Like the Novavax vaccine, side effects were more common after the second vaccine dose.
Who should get Novavax?
The World Health Organization (WHO) recommends Novavax for:
- those living with conditions that increase the risk of severe COVID-19, such as cardiovascular disease, respiratory disease, and diabetes
- people who have contracted COVID-19 in the past
- people who are breastfeeding and those who are not
The WHO the following not to get the vaccine:
- people with a history of anaphylaxis to any component inside the vaccine
- people with symptomatic PCR-confirmed COVID-19 until they have recovered and finished self-isolation
- people with a body temperature of over 38.5°C until they no longer have a fever
- people under 18 years old, as research studying its safety and efficacy is still underway.
The WHO also highlights that data on having the vaccine during pregnancy is not yet available. However, as other protein-based vaccines have comparable efficacy in pregnant and non-pregnant people, they say that the Novavax vaccine may be the same.
Therefore, they recommend that pregnant people receive information about the risks of COVID-19 during pregnancy, the potential benefits of vaccination, and safety data limitations so that they can make their own decision. However, they recommend pregnant people get vaccinated in situations where the benefits outweigh the risks.

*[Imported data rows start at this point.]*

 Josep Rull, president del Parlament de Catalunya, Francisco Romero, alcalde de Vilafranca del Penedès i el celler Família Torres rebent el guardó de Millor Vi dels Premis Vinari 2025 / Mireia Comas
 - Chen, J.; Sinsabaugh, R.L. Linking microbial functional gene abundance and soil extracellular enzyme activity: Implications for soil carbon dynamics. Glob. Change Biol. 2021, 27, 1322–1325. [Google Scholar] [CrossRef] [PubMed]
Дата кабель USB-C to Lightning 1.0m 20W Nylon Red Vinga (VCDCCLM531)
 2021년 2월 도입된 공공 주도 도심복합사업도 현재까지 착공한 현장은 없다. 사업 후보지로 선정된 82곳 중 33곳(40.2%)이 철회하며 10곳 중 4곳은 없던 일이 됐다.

Any side effects from the vaccine were largely mild to moderate and transient. The phase 3 trial in the U.S. and Mexico, and the U.K did not raise any safety concerns.

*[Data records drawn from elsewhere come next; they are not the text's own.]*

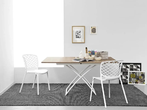 Klub stočić MAGIC-J, metalni okvir i ploča obložena melaminom. Može se razvući i podesiti po visini. MAGIC-J je svestrani sto za dnevnu sobu koji se, kada je potrebno, može transformisati u trpezarijski sto za 4-6 osoba u samo nekoliko jednostavnih koraka: jednostavno pritisnite dugme na dužoj strani da biste podesili visinu u 7 različitih položaja. Ploča obložena melaminom ima otvor u obliku knjige. Sa klub stočićem MAGIC-J, ulazite u dimenziju u kojoj se vaš kućni prostor transformiše kako bi zadovoljio potrebe savremenog života!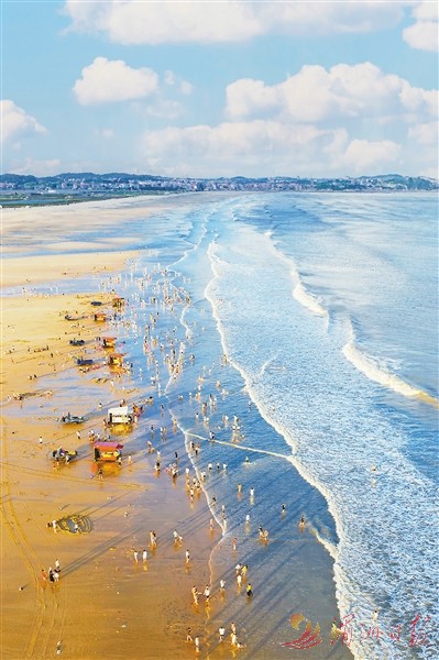 平海嵌头黄金沙滩沙细滩平岸阔、海水湛蓝清澈,有“莆田天涯海角”的美称,夏天前来观光的游客络绎不绝,踏浪、戏水、游泳、追逐落日,各寻其趣,各得其乐。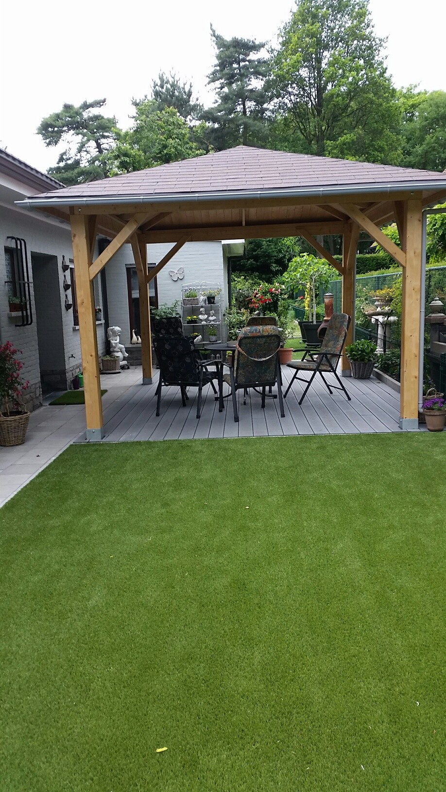 De stevige wanddikte van 45 mm en de traditionele blokhutbouw zorgen voor een solide constructie met een authentiek karakter. Of je het nu gebruikt als prieel, pergola of stijlvolle patio-overkapping – de Aruba past zich moeiteloos aan jouw wensen aan.

According to Prof. Paul Heath, professor of paediatric infectious diseases and director of the Vaccine Institute, St George’s, University of London and St George’s Hospital, London, and chief investigator of the Novavax United Kingdom trial:
“The results are very reassuring and importantly show that this vaccine appears to be safe and effective in populations from a range of communities and demographic groups, and those with a range of underlying comorbidities, now (across both trials) with a total number of participants of more than 45,000.”
“Both the U.K. and the US. and Mexico trials used the same case definitions, and these consistent results, therefore, provide much confidence in the use of this vaccine for the global population. We now await the peer-reviewed publication. We also look forward to the results of the trial’s adolescent arm (12–17 years), which recently completed enrolment,” Prof Heath adds.

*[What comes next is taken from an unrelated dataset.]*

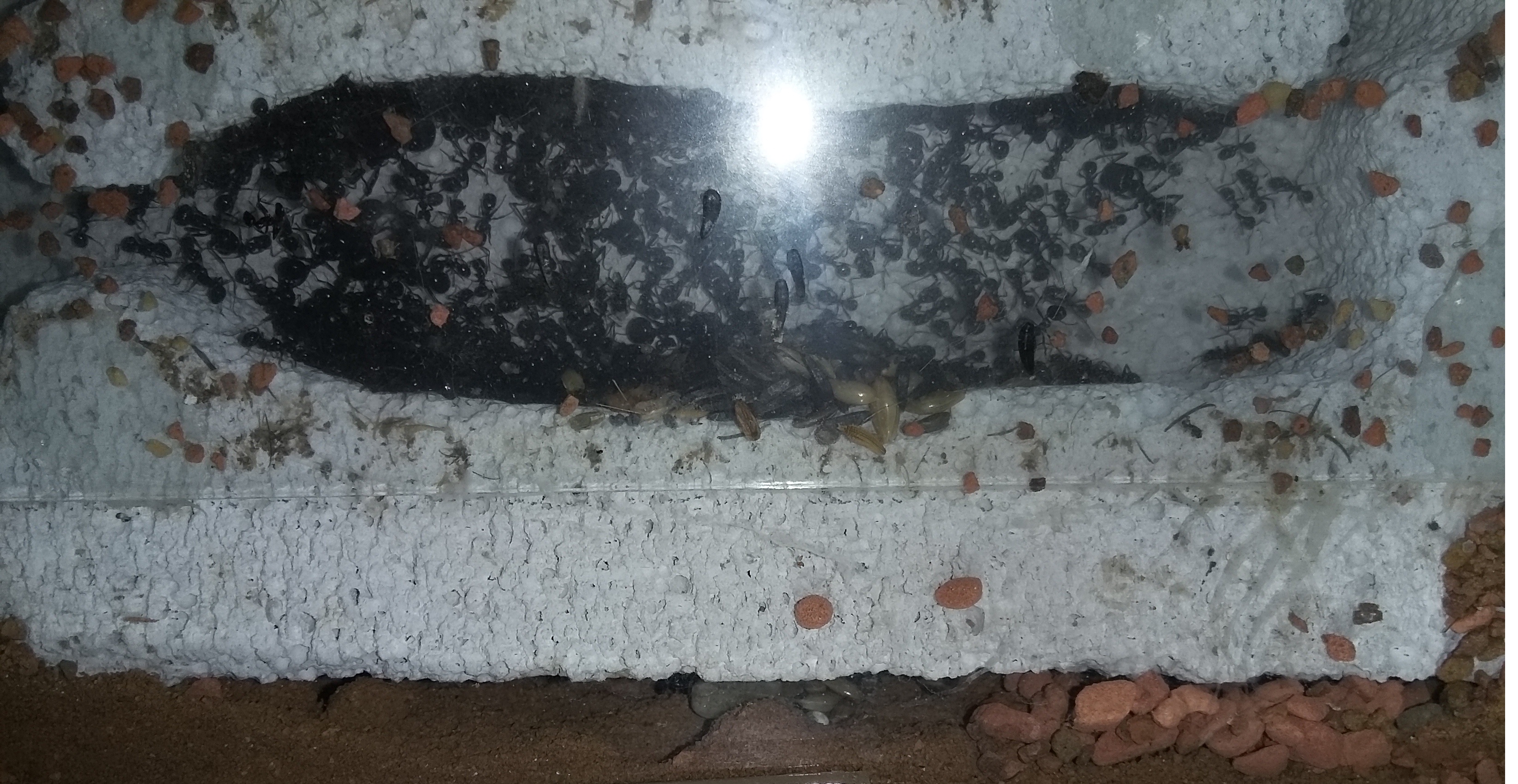 Zu meiner Überraschung waren gut 20 Ameisen unter dem Y-Tong, sodass man sagen kann, dass die Kolonie auf jeden Fall in der Winterruhe auch ordentlich zugelegt hat. Sicher nicht so aktiv wie im Sommer, trotzdem wenig, aber konstante Brutaufzucht. Die Heizmatte wird jetzt aber einige Stunden wieder in Betrieb genommen.

According to Dr. Peter English, a retired consultant in communicable disease control, former editor of Vaccines in Practice, and immediate past chair of the BMA Public Health Medicine Committee:
“[t]he vaccine is a much more traditional sort of vaccine than the mRNA and vector vaccines currently in use. The actual spike protein is injected, in the form of nanoparticles, instead of inserting the genetic material enabling our cells to create the spike protein.”
He adds that:
“It remains to be seen whether this will have consequences in terms of real-world effectiveness or safety; but the more different types of vaccine we have, the greater our ability will be to optimize effectiveness and safety in different groups.”